Investing.com - The U.S. dollar was almost unchanged against its Canadian counterpart on Monday, as uncertainty over the timing of a U.S. rate hike continued to weigh on the greenback.
USD/CAD hit 1.2182 during early U.S. trade, the session low; the pair subsequently consolidated at 1.2243.
The pair was likely to find support at 1.2084, the low of April 17 and resistance at 1.2329, the high of April 16.
Sentiment on the dollar remained vulnerable after a recent run of soft economic data saw investors push back expectations for higher U.S. interest rates.
Markets shrugged off data on Friday showing that U.S. consumer prices were higher for a second successive month in March.
The consumer price index edged up 0.2% last month, matching a similar gain in February. On a year-over-year basis, consumer prices dipped 0.1% in March after remaining flat in February.
Core consumer prices, which exclude food and energy costs increased 0.2% in March for an annual increase of 1.8%, the largest since October.

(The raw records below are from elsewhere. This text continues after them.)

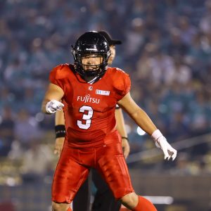 LBはタックルすることはもちろんのこと、パスカバーをしないといけないのが難しいです。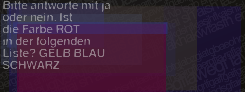 Die Visuelle Bestätigung hilft dabei automatische Spambots und Scripte von den Diensten dieses Forums abzuhalten. Derartige Scripte sind normalerweise nicht in der Lage den untenstehenden Code zu erkennen. Bitte geben Sie also in das untenstehende Feld die Buchstaben und Zahlen ein, die Sie in dem Bild erkennen können oder beantworten Sie die angezeigte Frage.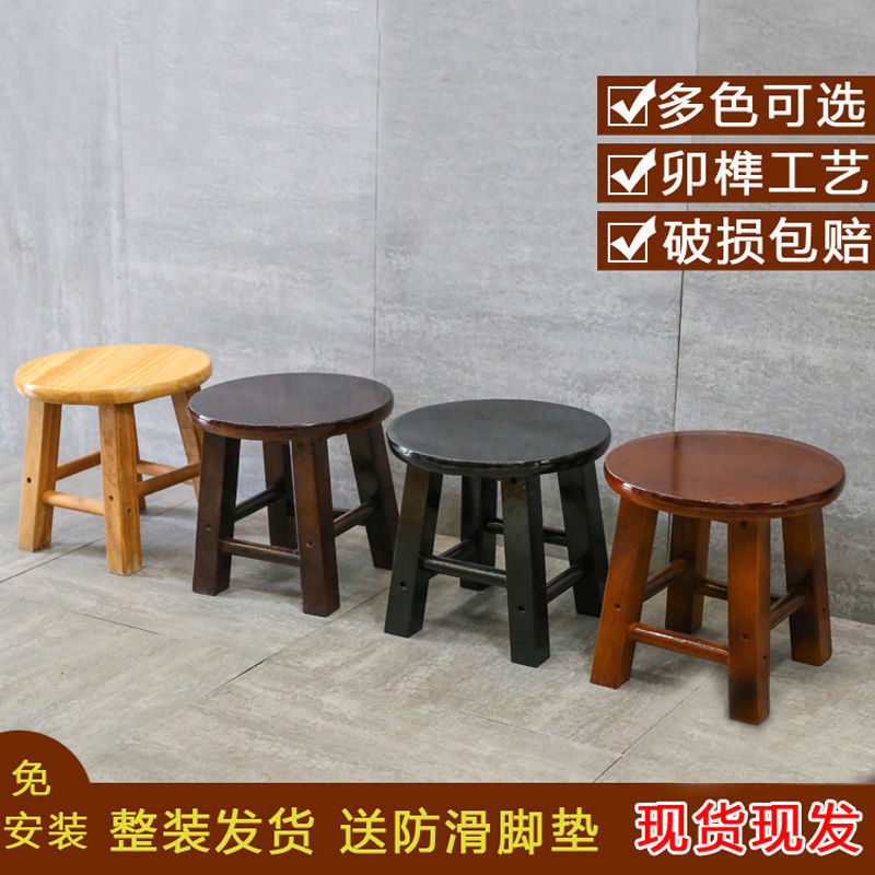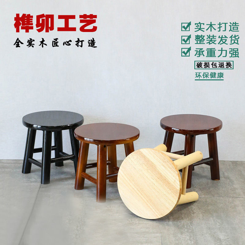 낮은 의자 솔리드 우드 작은 벤치 오크 작은 라운드 의자 솔리드 우드 T 의자 작은 광장 의자 가정용 세탁 의자 신발 변경 의자 Hongzhi스토어 가기

The Canadian dollar had found support on Friday after official data showed that Canada's retail sales rose 1.7% in February, beating expectations for a 0.2% gain, while core retail sales, which exclude automobiles, rose 2.0% in February, more than the expected 0.5% increase.
A separate report showed that Canadian consumer prices ticked up 0.7% last month, compared to expectations for an increase of 0.5%.
The loonie was higher against the euro, with EUR/CAD declining 0.75% to 1.3135.